In the real estate development sector, in addition to carbon and energy reduction targets (Trammell Crow Company, for example, aims to lessen the carbon footprint of its schemes development-on-development), you see the likes of biodiversity improvement, green building standards, and targets for electric vehicle (EV) charging facilities and renewable energy production increasing scheme after scheme. That’s all realistic.
However, when it comes to supply chain services and operations, it is much harder to define realistic targets. The environmental impact of a business’ services and ancillary operations relies on robust self-assessment, which can vary significantly from business to business, thus making target setting less standardised or quantifiable.
However, by adopting a truly partnership approach that enables developers, investors and the wider supply chain, we have a much better chance of tackling the sustainability challenges.
Preparing for electric and the return of the market
One of the biggest steps companies can take to improve the sustainability of its supply chains is by supporting logistics firms to more easily switch to EVs and alternative fuels. For businesses with large fleets, moving to EVs could make a huge dent in their carbon footprints.
Providing sufficient on-site EV charging stations – for both employees’ vehicles and HGVs – would go a long way to supporting the supply chain make this shift. Even if the demand is not huge right now, it is inevitable and forward-thinking developers (and their investment partners) are going to have a competitive advantage by installing them.
Another significant step that developers and investors can make to support new real-estate product becoming more sustainable – in the environmental, social and indeed economic senses of the word – is greater partnership working.
The stop-start nature of the industry, particularly amidst the past few years of rocketing labour and material costs and capital market adjustments, has been deeply damaging to many individual contractors and the sector as a whole.
With the market seemingly heading towards a period of greater inflation control and further interest rate reductions, developers will want to press ‘go’ on their projects.
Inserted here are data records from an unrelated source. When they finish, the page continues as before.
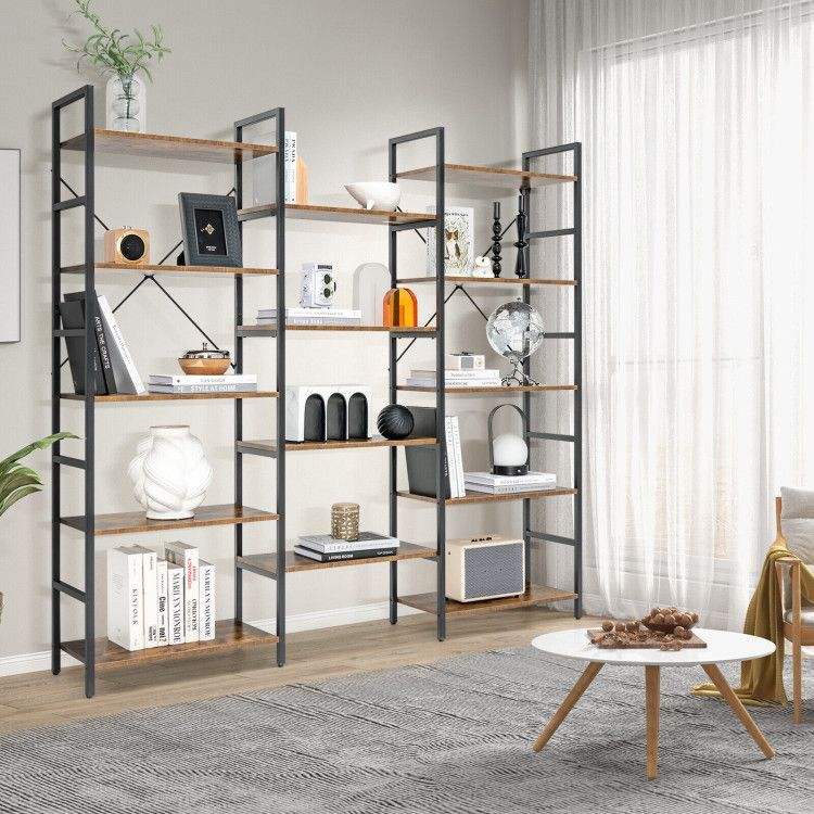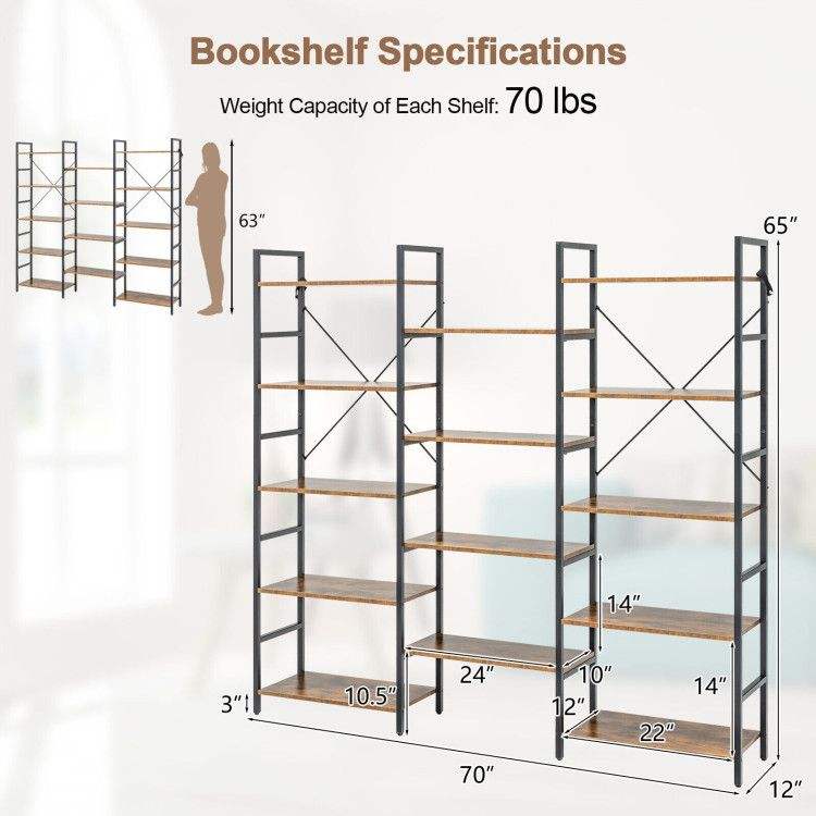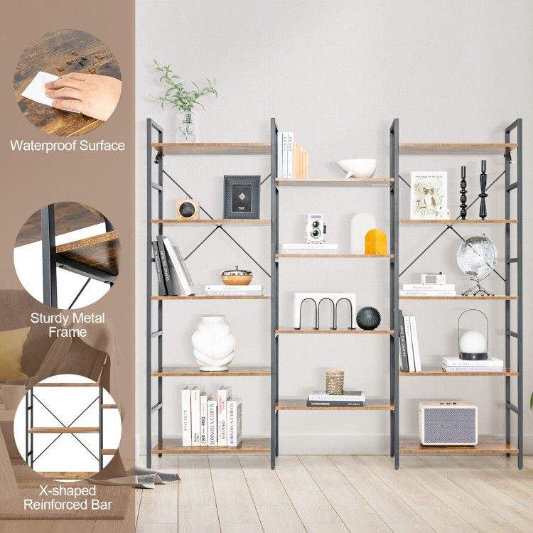 Libreria a tre ante grande e alta con struttura in metallo, scaffale espositivo per collezione di libri
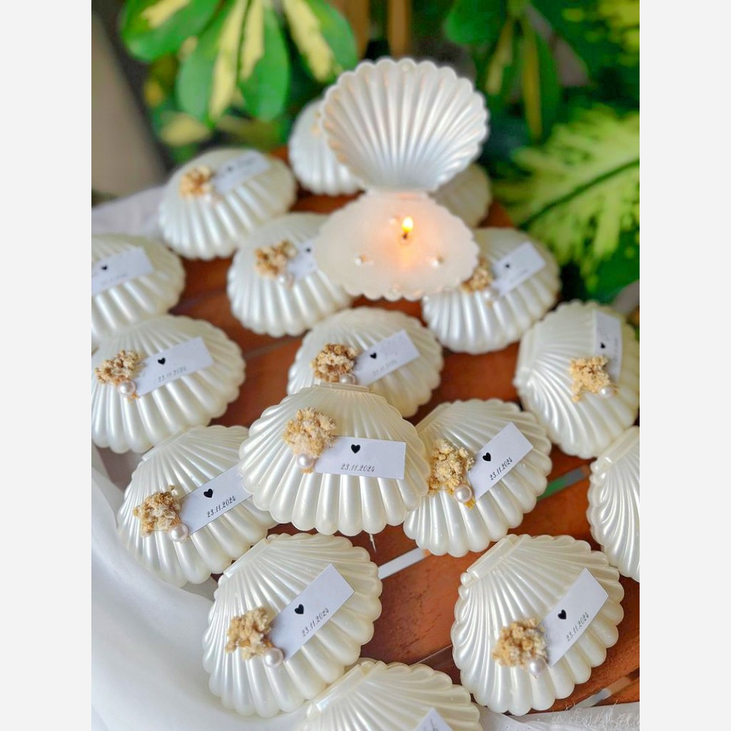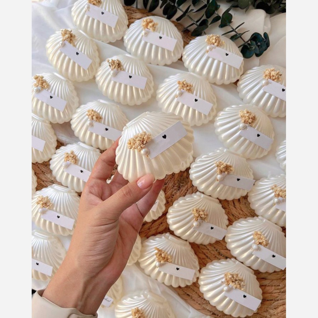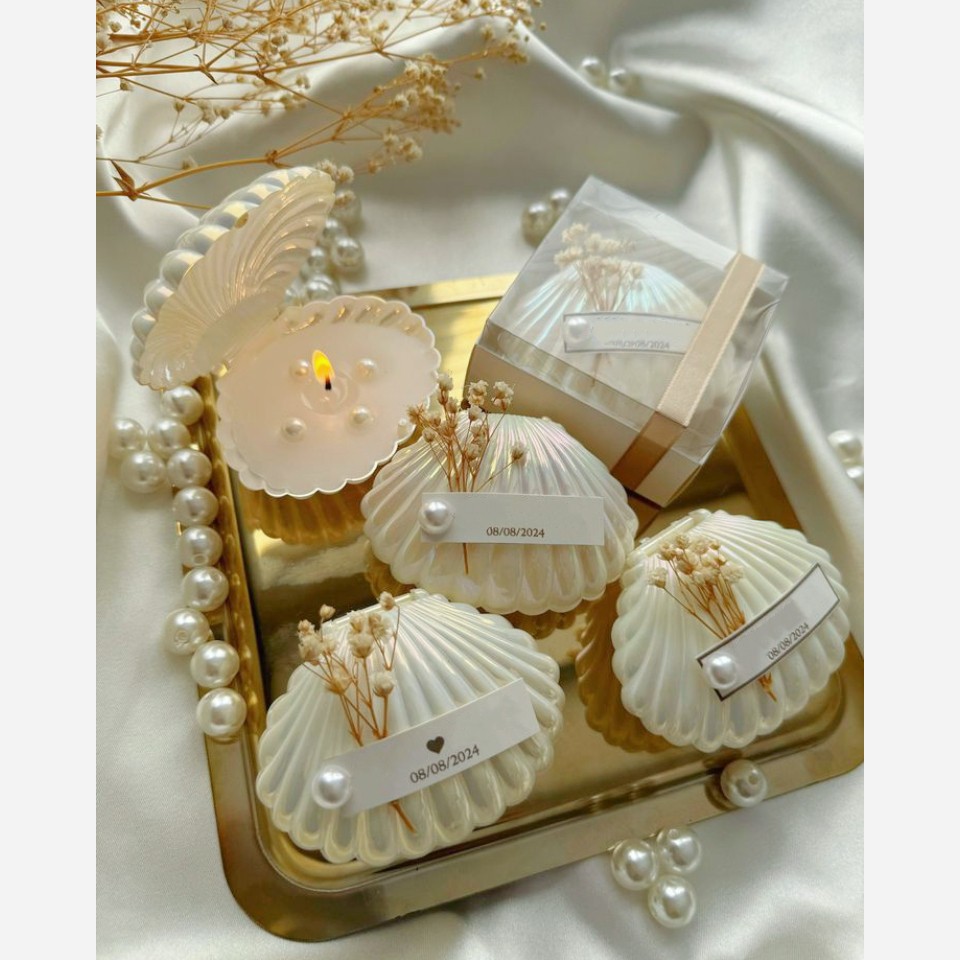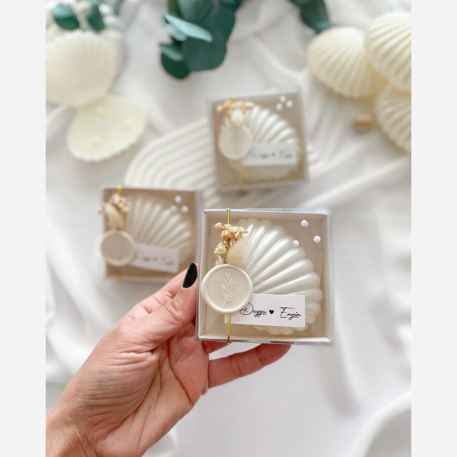 گیفت شمع نامزدی ،عروسی،جشنهای شما گیفت شمع صدف با مروارید بسته بندی شیک با جعبه سفید و درب طلقی وربان که داخل تصویر مشخصه بسیار شیک وخاص🥰 با تگ نام
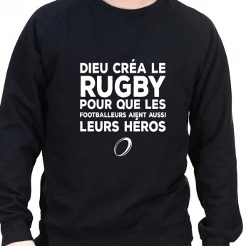 Découvrez le nouveau Sweat Crewneck dieu crea le rugby car meme les footballers on besoin de héros – Sweat Crewneck Homme Rugby de la collection spéciale

Preparing projects therefore– particularly in joint venture partnerships with investors – that clearly define environmental targets and objectives, penetrating through the supply chain is going to be essential to getting the ‘green light’.
Governments’ role in supporting sustainability
Of course, the industry can’t do it all itself, although it has led by example to date. National and local governments’ role in this transition is crucial.
To create a more sustainable future for supply chains, governments must push for, and speed up, the reduction of environmental impacts across the sector – this can be implemented through a mixture of incentives and penalties, making sure companies are not just encouraged but required to adopt greener practices.
The power of working together
As the logistics sector continues to change and evolve, it’s clear that collaboration across the supply chain is more important than ever.
Developers, investors, contractors, manufacturers and suppliers all need to work together to push the limits of what’s possible in order to, firstly, minimise any environmental deficit created by a new development and, eventually, to eliminate this altogether and aim to enhance the environment in all respects.
We’re just getting started on the journey toward ultra-sustainable warehousing. While there are definitely challenges ahead, the potential for innovation and progress is huge.
By working together and striving for higher standards, the logistics real estate sector can play a leadership role in decarbonising the 21st century world that the sector is so vital in sustaining.